COVID-19: The number of reported cases is 202,872,928 with 4,297,550 fatalities.  In the U.S., there are 35,765,233 confirmed cases with 616,829 deaths.  For illustration purposes, the FT has created an interactive chart that allows one to compare cases across nations using similar scaling metrics.  The FT has also issued an economic tracker that looks across countries with high frequency data on various factors.  The CDC reports that 407,561,705 doses of the vaccine have been distributed with 351,400,930 doses injected.  The number receiving at least one dose is 194,866,738, while the number receiving second doses, which would grant the highest level of immunity, is 166,477,481.  The FT has a page on global vaccine distribution.

  • The delta variant continues to spread rapidly across the U.S. Community transmission rates remain elevated across the country.  States with high infection rates are scrambling to find hospital bed capacity.  The variant has become dominant due to its high contagion rates.
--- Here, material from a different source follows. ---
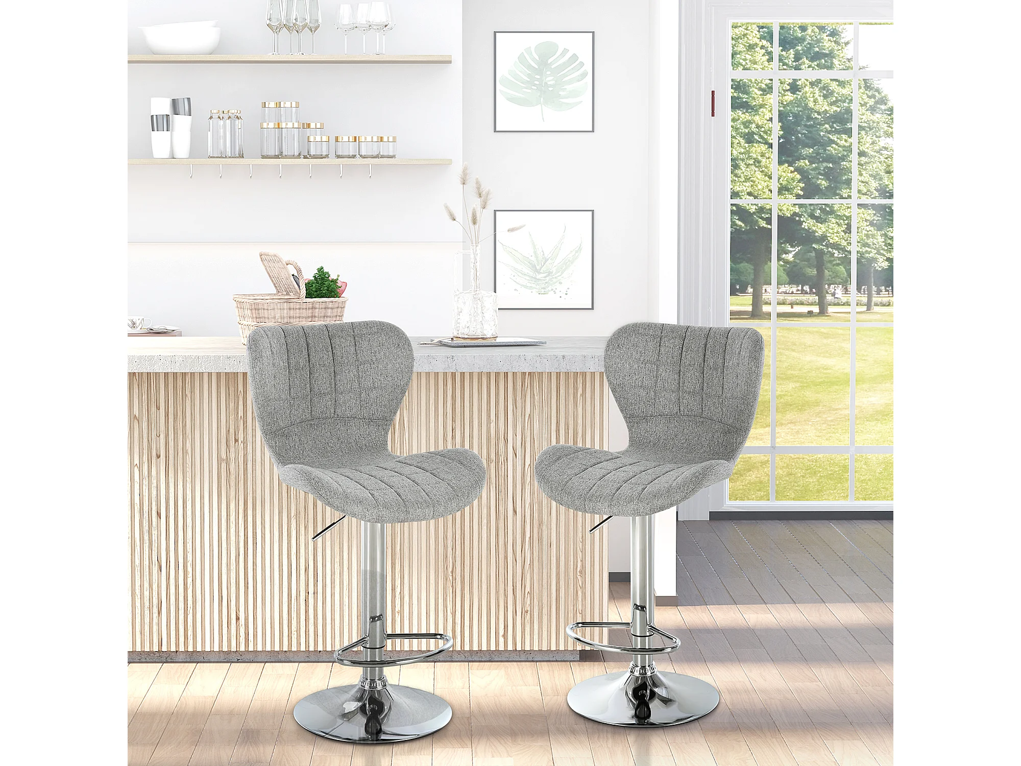 Lot 2 chaises de bar tissu gris clair avec piètement métal – MONTREAL

  • Although the mRNA vaccines were the first out of the gate, the technology remains finicky. Handling procedures make them difficult to distribute and the new technology is probably one factor behind vaccine resistance.  Much of their success was due to deft management; the companies involved tested their vaccines when infection rates were elevated, which gave them lots of test subjects, and emerging firms teamed up with established ones to ramp up production.  The Novavax (NVAX, USD, 189.89) vaccine is near the end of its clinical trials and should be available soon.  It has some distinct advantages.  Because it’s based on an existing technology, its handling is less stringent.  The fears surrounding mRNA should not be part of this vaccine.  And, trial data so far suggest it is more effective than the mRNA vaccines.  Reports indicate that side effects are less, which has been a barrier for some low-income groups who fear missing work if they become ill from the injection.